The dark side of light

There was a time when stars in the night sky were a simile for infinity — one could see so many spluttered across a black blanket that counting them would take a lifetime! Fast forward to today, the night sky is lit not by the moon or stars but by city lights. Indiscriminate use of artificial light — from light bulbs in buildings to sodium lamps on streets to glaring neon billboards — has killed the joy of stargazing.

It is estimated that about 83% of the world’s population lives in areas contaminated by light pollution. That is, only about one in five have the joy of watching the Milky Way every night! 

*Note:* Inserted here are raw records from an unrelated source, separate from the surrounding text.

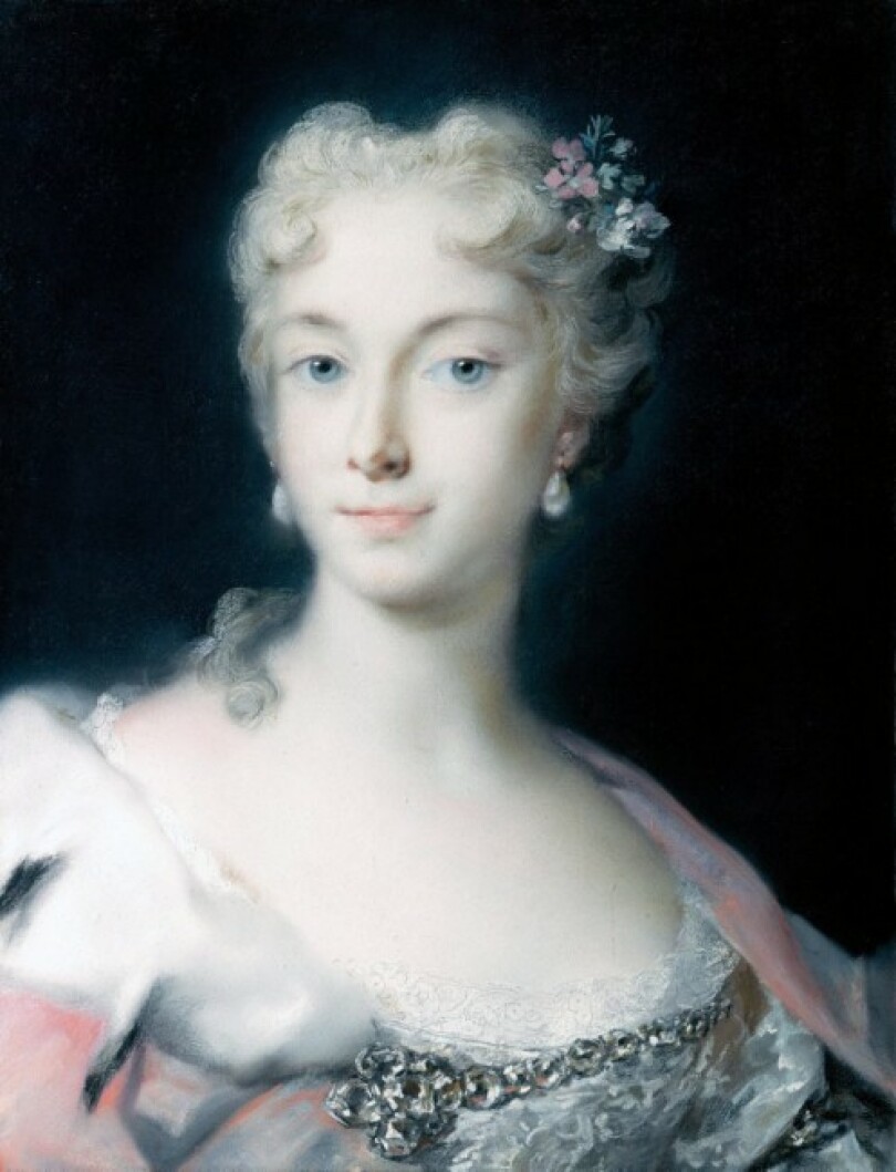 Du cœur du tableau jaillit comme un éclair le mouvement de sa main, tendue comme un arc vers une couronne d'or posée sur un coussin de velours. La pose altière, la gorge fière, les poignets couverts de perles et les mèches grisonnantes ramassées à la verticale d'un nuage de dentelle laissent percevoir la "belle personne" célébrée par tant d'observateurs de l'époque, mais aussi le tempérament pénétrant, l'ambition et l'amour-propre, le souci permanent d'être admirée. Les manières exquises et l'autorité glacée.
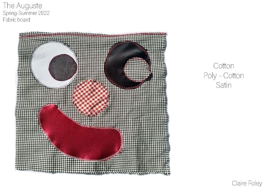 Using a black, grey, white and red colour palette because of the nature of the old photographs I was looking at during my research. The colour black is often associated with fear and death. The dark red colour came from the clown’s features such as their mouth and nose. Red is also a symbol of aggression, anger, and danger. The half and half nature of the fabric placement again follows this side by side changing nature of the clown. Regards to prints I have incorporated large polka dots a traditional print associated with clowns
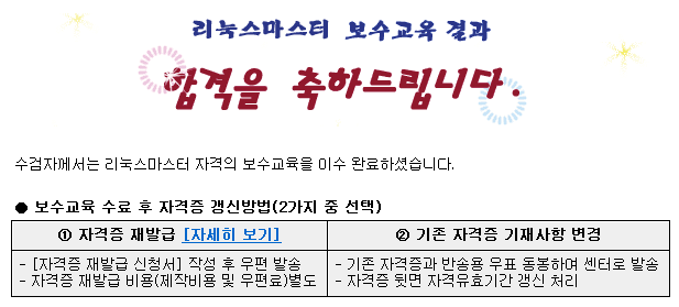 합격 축하 맨트와 자격증 갱신하는 2가지 방법의 안내가 나옵니다.
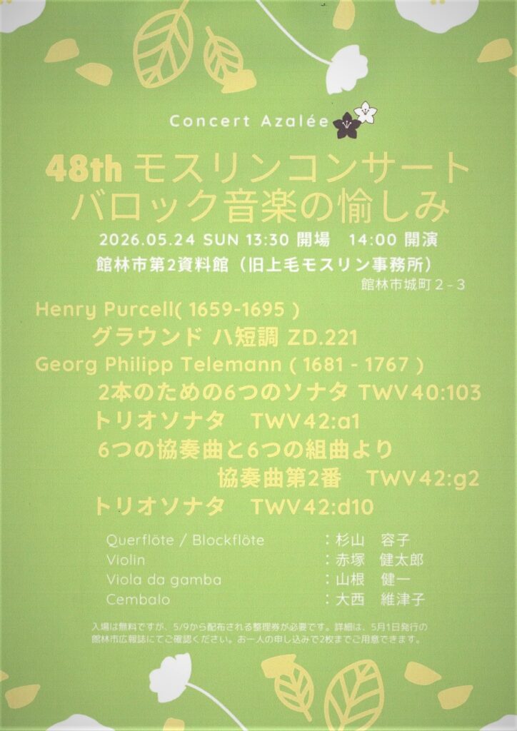 コンセール・アザレ主催「第48回モスリンコンサート 〜バロック音楽の愉しみ〜」
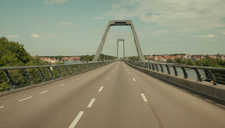 voew on the autobahn bridge at speyer crossing the rhine river, Rheinland Pfalz, Germany

No wonder that in 1994, when Los Angeles experienced a blackout, people panicked when they saw a cloud of stars in the sky! What they indeed saw was our galaxy.

Light pollution is doubling each year and threatening not only our sky-watching habits but also disrupting our sleep cycles, the circadian rhythm and ultimately our health. Several studies have shown the devastating effects artificial light has on wildlife—on sea turtles, fireflies, amphibians and birds.

Excess light also hinders astronomical studies and hence scientists are continuously on the lookout for pristine mountain tops to watch over the universe. In India, studies show that light pollution is increasing alarmingly in New Delhi, Telangana, Maharashtra, Karnataka and Uttar Pradesh, while cities in West Bengal, Gujarat, and Tamil Nadu are not far behind. 

The International Dark-Sky Association, an Arizona-based organisation, works to protect the night skies for the present and future generations. It is celebrating the week of 5–11 April as the International Dark Sky Week to raise awareness about light pollution and its harmful effects.

As citizens of the globe, you can help protect our planet by using artificial light only when needed. If you are passionate, you could join citizen science initiatives like Globe at Night to document your city’s skyglow and measure it using a smartphone. Such efforts can help policymakers realise how widespread light pollution is and act on it. After all, dark is as essential as light!